3D software API for AmigaOS

Warp3D was a project founded by Haage & Partner in 1998 that aimed to provide a standard API that would enable programmers to access, and therefore use, 3D hardware on the Amiga.

Its design was similar to that of both the Picasso96 graphics card drivers and operated in a similar fashion to the 3dfx Glide API, which provided a uniform and standardised way for programmers to create software for the 3D graphics cards that were available at the time.

It was hoped that the creation of this API would not only encourage the development and release of more 3D graphics cards, but also move away from the situation where a new piece of hardware had been developed with no software available to run on it. If the particular piece of software used the Warp3D API (enabled through a shared library), any current or newly developed hardware would be able to be used. Hyperion Entertainment developers created OpenGL subset called MiniGL sitting on top of Warp3D to ease porting of games such as Heretic II.

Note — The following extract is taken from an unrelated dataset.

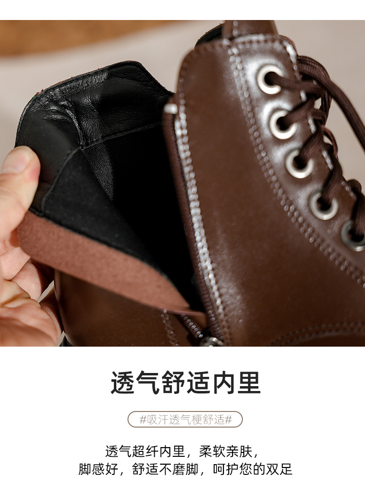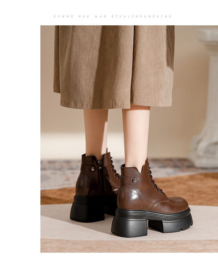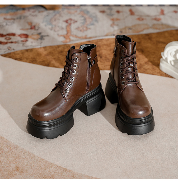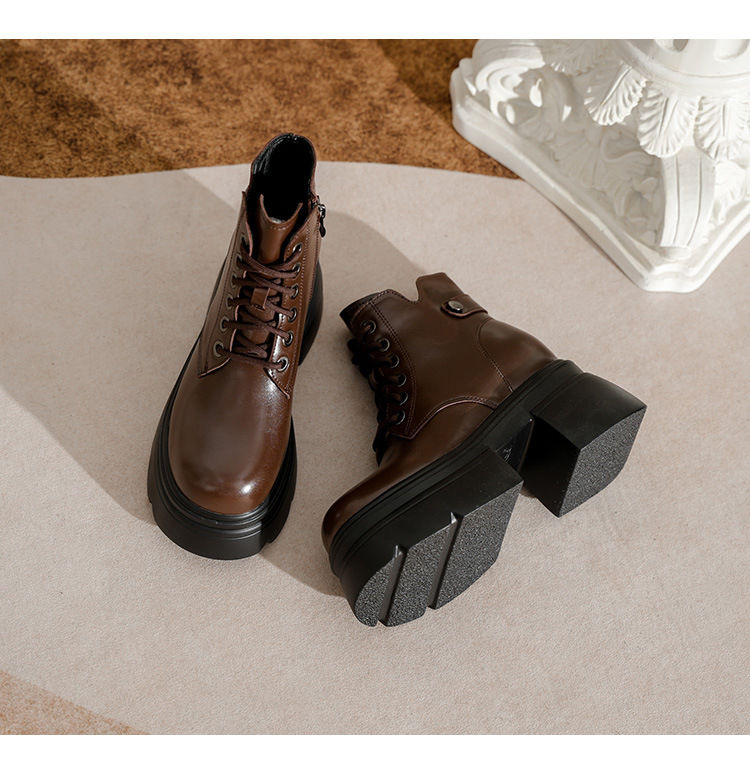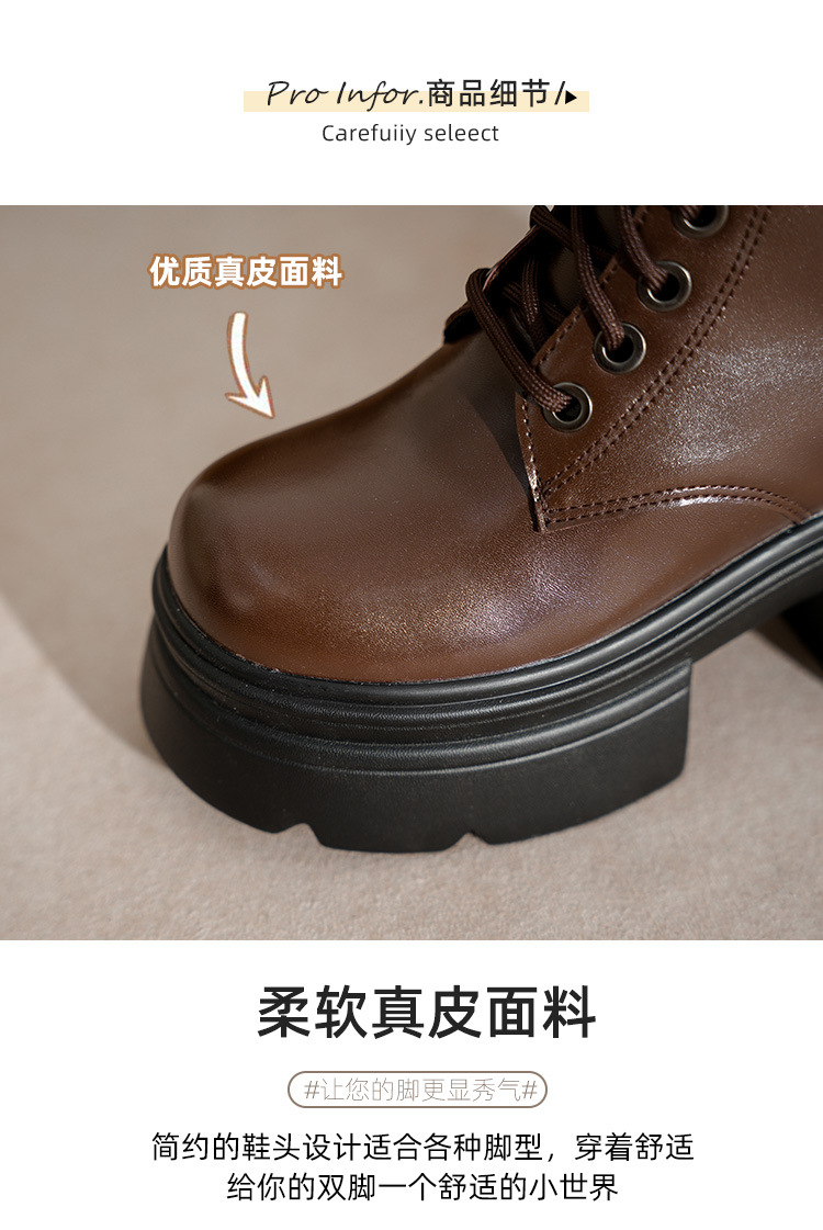 마틴 부츠 여성 다크 브라운 2024 새로운 가을 및 겨울 싱글 부츠 내부 높이 부츠 영국 작은 두꺼운 바닥 부츠

At time of its release, Warp3D provided significant speed increase over software rendering. Years later however, newer 3D APIs (e.g. TinyGL in MorphOS) offered better performance on the same hardware.

In 2014, it was announced that Warp3D was now jointly owned by British company A-EON Technology Ltd. On April 1, 2015, A-EON Technology subsequently released Warp3D for RadeonHD (Southern Islands chipset).

In March 2016, A-EON Technology Ltd announced that they had developed the new Warp3D Nova featuring support for Shaders. Warp3D Nova was originally mentioned as planned complete rewrite and Shader-centric design in the AmigaOS 4.0 Feature List more than decade earlier. Development of the new release intentionally took some inspiration from this original Warp3D Nova plan. The pre-release version 1.15 was published on 1 May 2016 in the Enhancer Software package for AmigaOS 4. Apart from its name and being related to 3D graphics, Warp3D Nova has nothing in common with the original Warp3D.

Also in March 2016 A-EON Technology Ltd announced that Daniel Müßener / GoldenCode.eu had been hired to create an OpenGL ES 2 implementation on top of Warp3D Nova. The first public version 1.4 was released on 31 August 2016 as part of the Enhancer Software package version 1.1.

==Running Requirements==
Warp3D requires the following in order to work properly
- An AmigaOS compatible system with CyberGraphX or Picasso96, containing:
  - At least a 68040 processor with FPU for AmigaOS versions predating 4.0
  - A PowerPC CPU for AmigaOS 4.0+
  - Optionally PowerPC supported on WarpOS
  - Any of these graphics cards:
    - CyberVision 3D
    - CyberVision PPC
    - BlizzardVision PPC
    - Any 3Dfx Voodoo card
    - ATI Radeon R100, R200
    - ATI RadeonHD Southern Islands graphics cards

It also requires 3D hardware to be present, and will not run with graphics cards that are 2D only, or AGA, ECS or OCS.

==Other implementations==

Alain Thellier created open source clone called Wazp3D. MorphOS included a Warp3D implementation known as Goa3D Graphics Library developed by Nicolas Sallin.